Ama hâlâ öğrenebilirsiniz.
Zor değil.
İsterseniz heceleyeyim!
***
Başkanların notu!
Tanıyan tanımayan herkes, yeni seçilen belediye başkanlarının performansları ile ilgili ne düşündüğümü soruyor.
Açık konuşmak gerekirse:
- İstanbul Büyükşehir Belediye Başkanı Ekrem İmamoğlu’nun siyasi performansını yüksek buluyorum. Bir siyasi lider gibi davranıyor.

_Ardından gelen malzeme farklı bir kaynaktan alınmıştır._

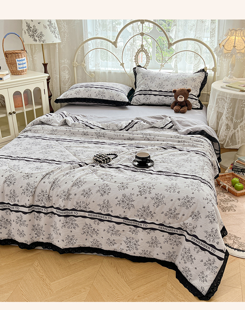优尚佳生活馆 2026新款云感皱皱纱全棉花边款夏被四件套 清墨
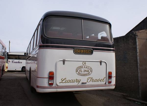 One of the all time classic bus designs was the Alexander Y type. The rear was as good looking as the front as exemplified by this shot of Western SMT 2466, SCS335M, a 1974 Leyland Leopard with Y type coach body. The famous black and white coach livery is carried.

Belediye Başkanlığı performansı ile ilgili ise bir şey söylemem için henüz erken. Bazı hataları oldu belki ama tüm gözler üzerindeyken, bunu normal buluyorum. Ama en azından 100 günlük bir süre verilmesi gerek ilk eleştirileri yapma hakkını elde etmek için.
- Ankara Büyükşehir Belediye Başkanı Mansur Yavaş’ı ise çok başarılı buluyorum. Hadi daha açık söyleyeyim. Umduğumdan çok çok daha başarılı olduğunu görüyorum. Çok iyi bir başlangıç yaptı ama tabii önemli olan nasıl başladığın değil, nasıl bitirdiğindir. Şimdilik çok çok iyi gidiyor.
***
NE ZAMAN ADAM OLURUZ?
"İnsanları önyargılarımızla değil; ne yaptıkları ile değerlendirdiğimiz zaman."